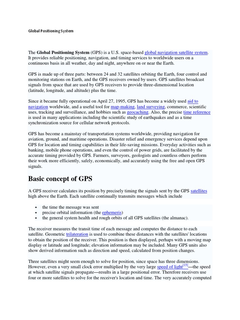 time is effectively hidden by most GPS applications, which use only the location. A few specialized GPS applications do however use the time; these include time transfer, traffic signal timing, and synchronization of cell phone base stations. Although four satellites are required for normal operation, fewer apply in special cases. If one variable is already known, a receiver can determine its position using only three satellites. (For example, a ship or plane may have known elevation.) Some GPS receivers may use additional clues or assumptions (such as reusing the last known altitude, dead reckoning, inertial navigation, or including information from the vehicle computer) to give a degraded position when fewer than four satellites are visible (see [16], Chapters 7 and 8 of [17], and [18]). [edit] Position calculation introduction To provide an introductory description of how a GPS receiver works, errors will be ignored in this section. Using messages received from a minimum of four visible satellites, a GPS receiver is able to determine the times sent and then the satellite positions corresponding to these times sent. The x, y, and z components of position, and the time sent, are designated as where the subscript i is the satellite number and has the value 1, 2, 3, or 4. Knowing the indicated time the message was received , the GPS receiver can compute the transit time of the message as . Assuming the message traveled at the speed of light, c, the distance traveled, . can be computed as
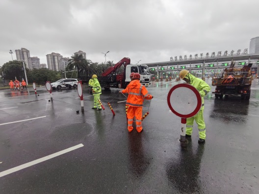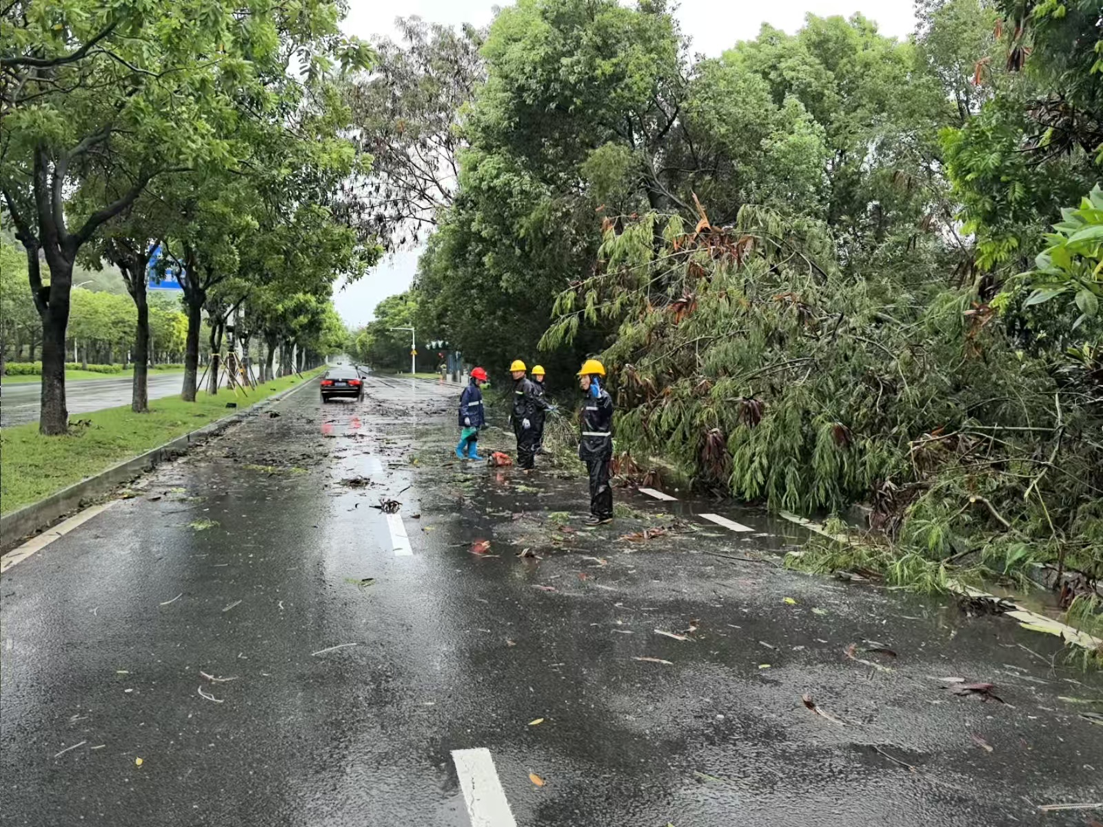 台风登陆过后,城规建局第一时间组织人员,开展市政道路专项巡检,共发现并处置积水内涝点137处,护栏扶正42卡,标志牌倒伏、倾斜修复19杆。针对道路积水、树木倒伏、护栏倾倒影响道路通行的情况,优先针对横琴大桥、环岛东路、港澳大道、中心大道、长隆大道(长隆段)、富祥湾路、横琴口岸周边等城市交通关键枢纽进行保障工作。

______

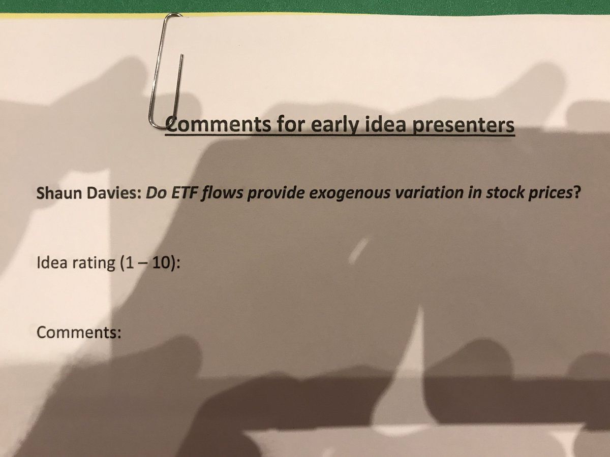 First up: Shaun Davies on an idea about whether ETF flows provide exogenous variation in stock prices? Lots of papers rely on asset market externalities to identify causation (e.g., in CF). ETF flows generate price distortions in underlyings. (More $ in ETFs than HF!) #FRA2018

______

◆ ASSIGNMENT
Everything from the line with "time is effectively" down to the line with "台风登陆过后,城规建局第一时" in the data above should be copied exactly, with both end lines kept and the pictures left out.

◆ RESULT
 time is effectively hidden by most GPS applications, which use only the location. A few specialized GPS applications do however use the time; these include time transfer, traffic signal timing, and synchronization of cell phone base stations. Although four satellites are required for normal operation, fewer apply in special cases. If one variable is already known, a receiver can determine its position using only three satellites. (For example, a ship or plane may have known elevation.) Some GPS receivers may use additional clues or assumptions (such as reusing the last known altitude, dead reckoning, inertial navigation, or including information from the vehicle computer) to give a degraded position when fewer than four satellites are visible (see [16], Chapters 7 and 8 of [17], and [18]). [edit] Position calculation introduction To provide an introductory description of how a GPS receiver works, errors will be ignored in this section. Using messages received from a minimum of four visible satellites, a GPS receiver is able to determine the times sent and then the satellite positions corresponding to these times sent. The x, y, and z components of position, and the time sent, are designated as where the subscript i is the satellite number and has the value 1, 2, 3, or 4. Knowing the indicated time the message was received , the GPS receiver can compute the transit time of the message as . Assuming the message traveled at the speed of light, c, the distance traveled, . can be computed as
 台风登陆过后,城规建局第一时间组织人员,开展市政道路专项巡检,共发现并处置积水内涝点137处,护栏扶正42卡,标志牌倒伏、倾斜修复19杆。针对道路积水、树木倒伏、护栏倾倒影响道路通行的情况,优先针对横琴大桥、环岛东路、港澳大道、中心大道、长隆大道(长隆段)、富祥湾路、横琴口岸周边等城市交通关键枢纽进行保障工作。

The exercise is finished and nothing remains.